By: Adam Bates
M4L Guest Contributor
September 11, 2015
“Never Forget, Never Again.”
14 years ago I was sitting in my classroom in Oklahoma watching the coverage. We had been told (in typical public school fashion) that a plane had crashed in NYC, but that we were to continue classes and not turn on the TVs. My science teacher ignored the command, and rigged a TV antenna out of a paper clip and a hanger so we could watch.
When it became clear what had happened, I immediately hated these people, the rest of the followers of the heathen religion they claimed, and whatever part of the world spawned them. I wished sincerely for a meteor to hit those animals out celebrating in the streets. Those dead Americans could have been my family, my friends. They were my countrymen, and that was damn near the same thing. Watching George W. Bush straddle the rubble and declare a jihad of his own filled me with so much pride and adrenaline I think I cried.
I maintained that hate for the next several years, knowing in my heart and soul that my country was hated and attacked for standing up for freedom. I cheered the passage of the PATRIOT Act and called dissenters traitors, whiny liberals, and terrorist sympathizers. I supported Gitmo. I insisted that waterboarding wasn’t torture and that, even if it was, it was acceptable in the name of national security (I suspect there’s still evidence of this online if you look hard enough, and I know, shamefully, that there are people reading this who can vouch for it).
I watched the invasions of Afghanistan and Iraq as if they were the coolest things in the world. I spent summer 2002 at the Naval Academy (only a recruiting visit to Miami eventually convinced me I didn’t want to go to Annapolis), planned to become a Marine, and decided I wanted to study Arabic to help Uncle Sam destroy our enemies.
Then I left Oklahoma for college in Miami. Through my Arabic and regional studies classes I met Muslims for the first time in my life (many of whom I remain friends with today), and it got harder and harder for my preconceptions to hold. I kept waiting for their innate hatred of me as an American and of freedom generally to reveal itself. Still waiting.
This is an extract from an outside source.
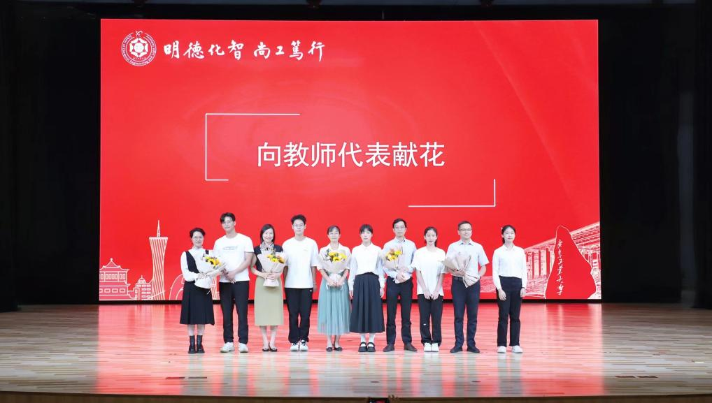 组织新生代表向教师代表献花。浓浓尊师意,芬芳满人间,同学们用一束束鲜花表达了对老师的感恩与敬爱之心。
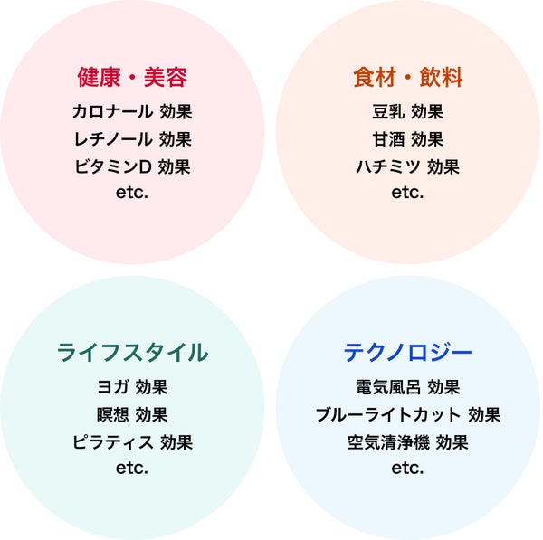 「健康・美容」カテゴリには、カロナールなどの医薬品のほか、レチノールやビタミンDといった美容目的で広く活用されている成分が含まれています。「食材・飲料」カテゴリでは、豆乳や甘酒、ハチミツなどの食品が「効果」とともに検索されていました。また、「ライフスタイル」カテゴリではヨガや瞑想といった活動が、「テクノロジー」カテゴリではブルーライトカットや空気清浄機などの製品が「効果」という言葉と一緒に検索されていることがわかりました。

I needed only the slightest modicum of proof to confirm once and for all that al-Qaeda wasn’t “radical,” just Muslim. Still waiting for that too.
I took a class on national security taught by a 28 year veteran of CIA operations, expecting it to reconfirm what I thought I knew. I explained my thoughts to the professor after the first class (suck up). After the second, he handed me a copy of Steve Coll’s “Ghost Wars,” on the history of the U.S. in Afghanistan, and told me to read it. I did. Then I started reading about U.S. history in Iran. Iraq. Somalia. Lebanon. Palestine. Egypt.
Everything I knew about the world, about American exceptionalism, about our government’s innocence, about the righteousness of my indignation, was bullshit. Everything on which I had built my identity as an American was a lie.
So I started over, with the Declaration of Independence, the U.S. Constitution, and an open mind. A few months later a guy named Ron Paul participated in a debate on Miami’s campus, and the rest is history.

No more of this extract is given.